Comet Shoemaker Levy 9: The Biggest Impact Of This Large Object
In July 1994, a vast comet 2 km in diameter hit Jupiter with the force of 300 million atomic bombs, followed by another 20 impacts that set fire to the clouds of the gaseous planet for six successive days. This was the first time in history that humanity managed to witness live what a planetary collision of colossal magnitudes can do. What happened to Jupiter after impact, and what have we learned since then?
let’s go to start! “Introduction”
THE GREAT DISCOVERY
In 1993 a group of astronomers formed by the couple Carolyn and Eugene Shoemaker and David Levy was conducting research at the Palomar Observatory in California in the USA, when they discovered a massive spot by pure chance in the image records.

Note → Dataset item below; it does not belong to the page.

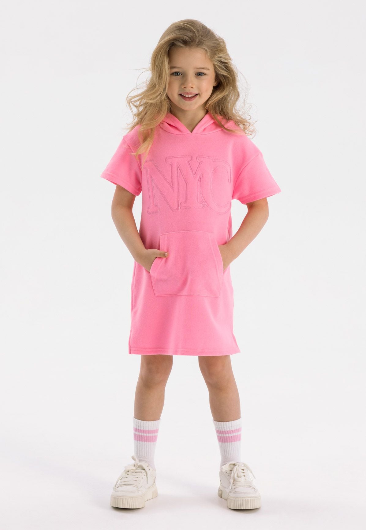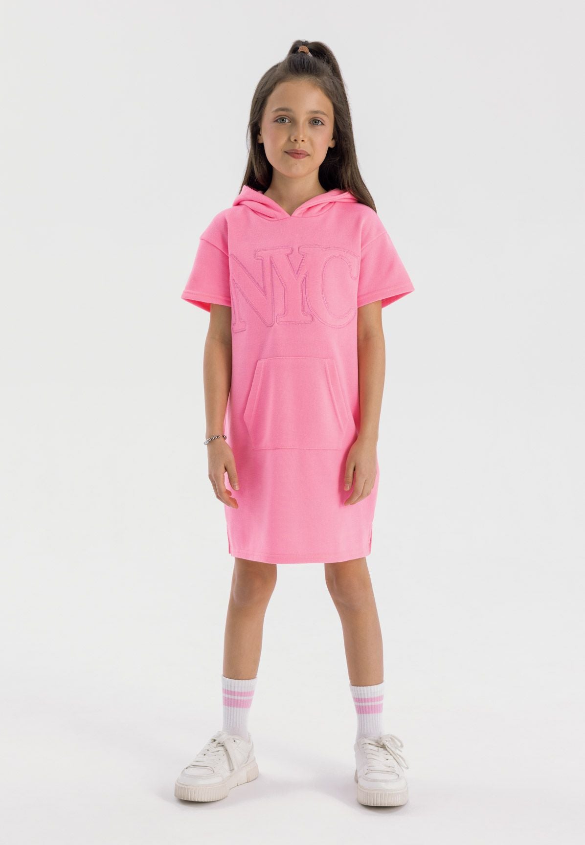Różowa dziewczęca sukienka z dekoltem i haftem NYC 3-14 lat

It was nothing more and nothing less than a vast periodic comet 2 km in diameter that had been captured by the gravitational pull of Jupiter, which was named Shoemaker-Levy9 in honor of the discoverers. This was an extremely unusual event because although hundreds of comets are known in the solar system, this was the first time that one captured by the gravity of a planet instead of the gravity of the sun was observed.
Usually, periodic comets are those that orbit the sun in less than 200 years, but Jupiter is so massive and its gravitational attraction force so great that it can capture any object that gets too close to it; in fact, astronomers believe that many of its moons are asteroids that were captured by Jupiter and never managed to escape its gravitational field.
The image of the discovery gave the first proof that it was a strange comet since it had multiple nuclei in a region approximately 50 arcseconds long; for reference, common comets usually have a single nucleus. In contrast, Shoemaker-Levy9 had about 20, which indicated that something must have happened in the past that fragmented it into several pieces.